IPH5401 (anti-C5aR antibody):
- Dose-escalation part of the Phase I study (STELLAR-001) with IPH5401, in combination with durvalumab (Imfinzi®) for the treatment of patients with solid tumors, including non-small-cell lung cancer (NSCLC) with secondary resistance to prior immuno-oncology (IO) treatment and IO-naïve hepatocarcinoma (HCC) is on track; safety update and start of cohort expansion are expected in 2H2019.
- New preclinical data from the Company’s immunotherapy pipeline was showcased in a presentation by Eric Vivier, CSO, at the 2019 American Association for Cancer Research (AACR) Meeting:
- Innate’s new proprietary, potentially first-in-class multi-specific NKp46 NK-cell engager (“NKp46 NKCEs”) are designed to stimulate NK cells instead of T-cells in order to improve the benefit-risk profile for the treatment of solid tumors. The NKp46 NKCE technology targets two activating receptors, NKp46 and CD16, on NK cells and a tumor antigen on cancer cells. New preclinical data show that these NKp46 NKCEs are more potent in vitro and in vivo than clinical therapeutic monoclonal antibodies targeting the same tumor antigen and have not displayed off-target effects. Additionally, we observed that co-engagement of NKp46 synergized with CD16 to potentiate both tumor cell lysis and NK cell activation.
- IPH5201 (anti-CD39) - new data show that a combination of Innate’s anti-CD39 monoclonal antibody, IPH5201, and ATP-inducing oxaliplatin had a synergistic effect that improved the control of tumor growth in a preclinical mouse model.
- IPH5301 (anti-CD73) - new data from a crystal structure of the CD73/IPH5301 complex support a model for the differentiated mode of action of IPH5301 and enhanced efficacy compared to competitors.
- Innate expects INDs to be filed for IPH5201 in the second half of 2019 and for IPH5301 in the first half of 2020.
Cash, cash equivalents and financial assets of the Company amounted to €237.1 million as of March 31, 2019. At the same date, financial liabilities amounted to €5.3 million, of which €0.9 million resulting from the application of IFRS 16 *** (€4.5 million as of December 31, 2018).
During the first quarter, the remainder of the upfront cash payments associated with the October 23, 2018 AstraZeneca transaction were received or paid to the appropriate party.
- The Company received in January 2019 $100 million (€87.6 million) as a result of AstraZeneca exercising its option to obtain the full rights of monalizumab in oncology.

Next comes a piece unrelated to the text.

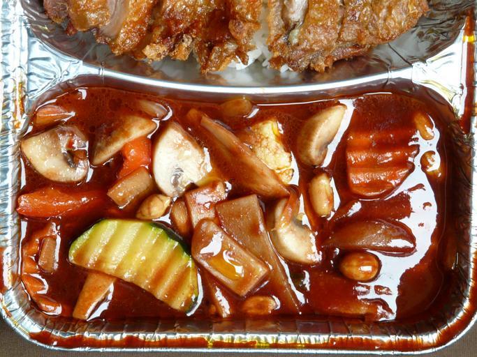 Keywords: fast food junk food snack eat vegetables sauce roasted duck rice meat asia
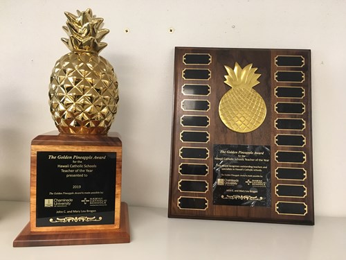 The Hawaii Catholic Schools and Chaminade University with the support of John C. and Mary Lou Brogan present the Hawaii Catholic Schools Teacher of the Year Award, The Golden Pine"apple", recognizing outstanding teachers and specialists in our schools. This award recognizes excellence in teaching within the Catholic Schools in the State of Hawaii. The recipient of the 2021-2022 school year's award will be announced at the Recognition Ceremony in May and will receive the Golden Pine”apple” trophy and a check for $1,000. Nominations are being accepted until the end of the month. Visit chaminade.edu/hawaii-catholic-schools-teacher-of-the-year for more details.

- The Company received in January 2019 the second tranche of $24 million (€21.1 million) of a non-refundable payment of $50 million from AstraZeneca for the upfront payment with respect to IPH5201. The first tranche of $26 million was received in October 2018.
- The Company paid AstraZeneca $50 million (€43.8 million) for the US and EU rights to commercialize Lumoxiti in January 2019.

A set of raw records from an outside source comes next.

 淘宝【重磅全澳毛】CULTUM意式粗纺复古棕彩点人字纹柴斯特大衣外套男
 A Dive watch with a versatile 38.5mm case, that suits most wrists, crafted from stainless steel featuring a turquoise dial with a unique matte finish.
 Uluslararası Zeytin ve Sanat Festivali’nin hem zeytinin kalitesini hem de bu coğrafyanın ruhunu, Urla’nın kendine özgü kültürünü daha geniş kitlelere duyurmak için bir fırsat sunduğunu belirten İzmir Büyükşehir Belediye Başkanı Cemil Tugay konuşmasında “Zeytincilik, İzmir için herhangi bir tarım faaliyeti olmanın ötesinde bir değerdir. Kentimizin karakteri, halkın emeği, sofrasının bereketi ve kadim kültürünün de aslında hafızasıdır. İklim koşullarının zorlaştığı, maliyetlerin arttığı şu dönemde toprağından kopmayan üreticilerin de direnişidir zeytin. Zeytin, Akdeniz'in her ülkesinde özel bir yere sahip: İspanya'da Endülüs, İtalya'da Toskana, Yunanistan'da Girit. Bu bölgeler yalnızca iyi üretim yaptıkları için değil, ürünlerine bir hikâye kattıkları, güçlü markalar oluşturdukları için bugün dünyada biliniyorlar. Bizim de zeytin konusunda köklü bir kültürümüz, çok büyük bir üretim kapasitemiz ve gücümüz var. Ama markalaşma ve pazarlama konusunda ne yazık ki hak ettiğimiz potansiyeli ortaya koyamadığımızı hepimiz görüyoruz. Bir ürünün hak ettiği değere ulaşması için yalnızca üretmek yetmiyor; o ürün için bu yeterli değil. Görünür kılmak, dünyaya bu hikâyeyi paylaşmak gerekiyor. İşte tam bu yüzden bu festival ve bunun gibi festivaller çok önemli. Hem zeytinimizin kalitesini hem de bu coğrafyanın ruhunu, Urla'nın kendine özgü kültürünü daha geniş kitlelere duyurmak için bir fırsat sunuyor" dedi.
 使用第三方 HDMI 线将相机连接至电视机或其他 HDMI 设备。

- The Company paid in February 2019 $15 million (€13.1 million) to Novo Nordisk A/S per the February 2014 agreement in relation to monalizumab, following the exercise of the option by AstraZeneca.
Revenues for the first three-months of 2019 amounted to €13.9 million (€8.7 million for the same period in 2018). For the three-month period ended March 31, 2019, revenue from collaboration and licensing agreements mainly results from the spreading of the initial payments received under our agreements with AstraZeneca.
* Including short term investments (€15.7 million) and non-current financial instruments (€34.7million).
** In 4Q 2018, the Company elected to advance the anti-MICA/B program as an ADC-antibody and terminated the naked antibody (ADCC) program IPH4301.
*** IFRS 16 « Leases » supersedes IAS 17 from January 1, 2019. Under IFRS 16, a lease liability is recognized for all the leases (operating and finance leases) whilst it was only applied to finance leases under IAS 17.